On the Necessity of Recurrent Processing during Object Recognition: It Depends on the Need for Scene Segmentation

J Neurosci. 2021 Jul 21;41(29):6281-6289. doi: 10.1523/JNEUROSCI.2851-20.2021.

Abstract

Although feedforward activity may suffice for recognizing objects in isolation, additional visual operations that aid object recognition might be needed for real-world scenes. One such additional operation is figure-ground segmentation, extracting the relevant features and locations of the target object while ignoring irrelevant features. In this study of 60 human participants (female and male), we show objects on backgrounds of increasing complexity to investigate whether recurrent computations are increasingly important for segmenting objects from more complex backgrounds. Three lines of evidence show that recurrent processing is critical for recognition of objects embedded in complex scenes. First, behavioral results indicated a greater reduction in performance after masking objects presented on more complex backgrounds, with the degree of impairment increasing with increasing background complexity. Second, electroencephalography (EEG) measurements showed clear differences in the evoked response potentials between conditions around time points beyond feedforward activity, and exploratory object decoding analyses based on the EEG signal indicated later decoding onsets for objects embedded in more complex backgrounds. Third, deep convolutional neural network performance confirmed this interpretation. Feedforward and less deep networks showed a higher degree of impairment in recognition for objects in complex backgrounds compared with recurrent and deeper networks.

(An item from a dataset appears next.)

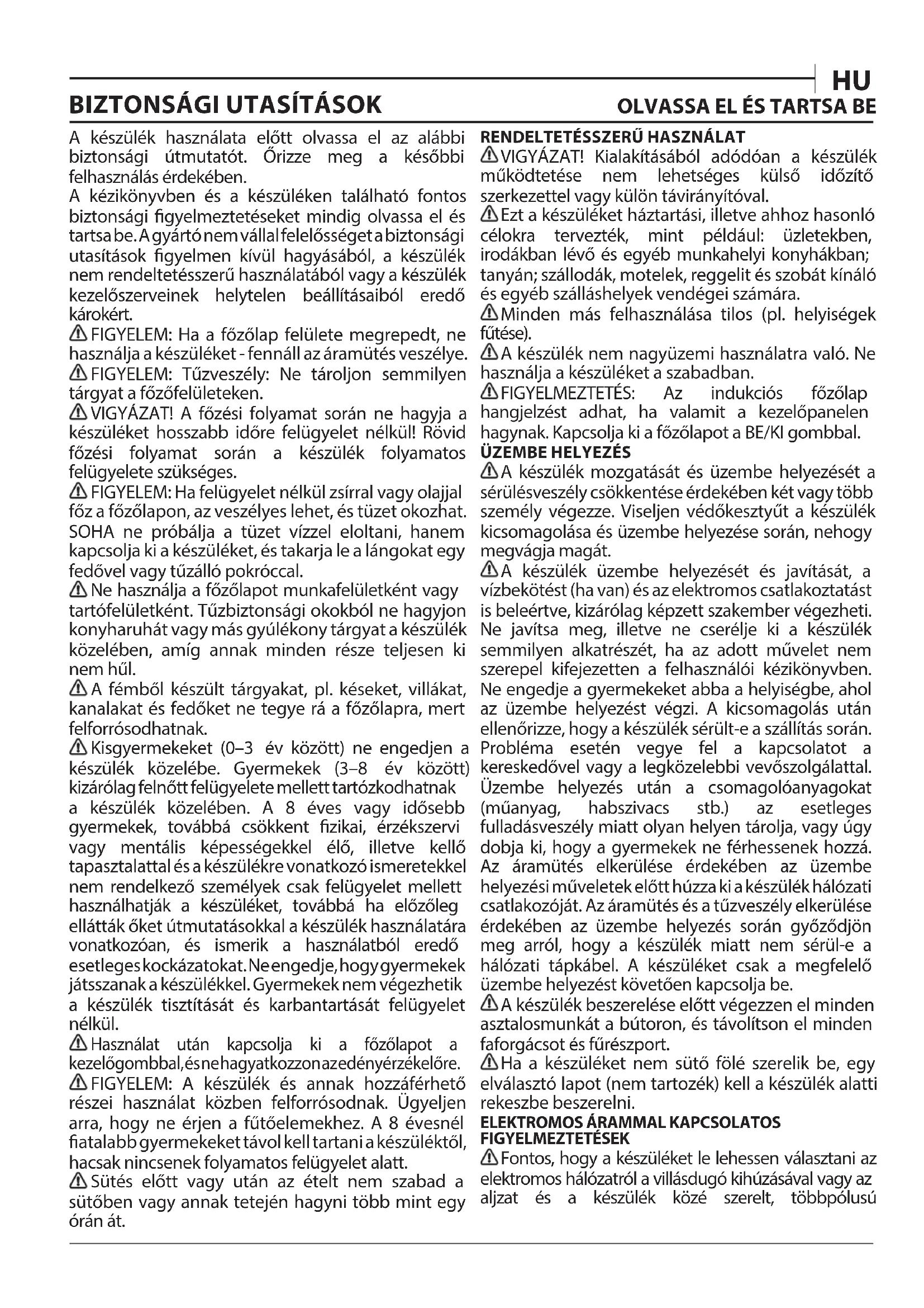 VIGYÁZAT! Kialakításából adódóan a készülék működtetése nem lehetséges külső időzítő szerkezettel vagy külön távirányítóval. Ezt a készüléket háztartási, illetve ahhoz hasonló célokra tervezték, mint például: üzletekben, irodákban lévő és egyéb munkahelyi konyhákban; tanyán; szállodák, motelek, reggelit és szobát kínáló és egyéb szálláshelyek vendégei számára. Minden más felhasználása tilos (pl. helyiségek fűtése). A készülék nem nagyüzemi használatra való. Ne használja a készüléket a szabadban. FIGYELMEZTETÉS: Az indukciós főzőlap hangjelzést adhat, ha valamit a kezelőpanelen hagynak. Kapcsolja ki a főzőlapot a BE/KI gombbal.

Together, these results support the notion that recurrent computations drive figure-ground segmentation of objects in complex scenes.SIGNIFICANCE STATEMENT The incredible speed of object recognition suggests that it relies purely on a fast feedforward buildup of perceptual activity. However, this view is contradicted by studies showing that disruption of recurrent processing leads to decreased object recognition performance. Here, we resolve this issue by showing that how object recognition is resolved and whether recurrent processing is crucial depends on the context in which it is presented. For objects presented in isolation or in simple environments, feedforward activity could be sufficient for successful object recognition. However, when the environment is more complex, additional processing seems necessary to select the elements that belong to the object and by that segregate them from the background.

Keywords: deep convolutional neural network; natural scene statistics; object recognition; scene segmentation; visual categorization; visual perception.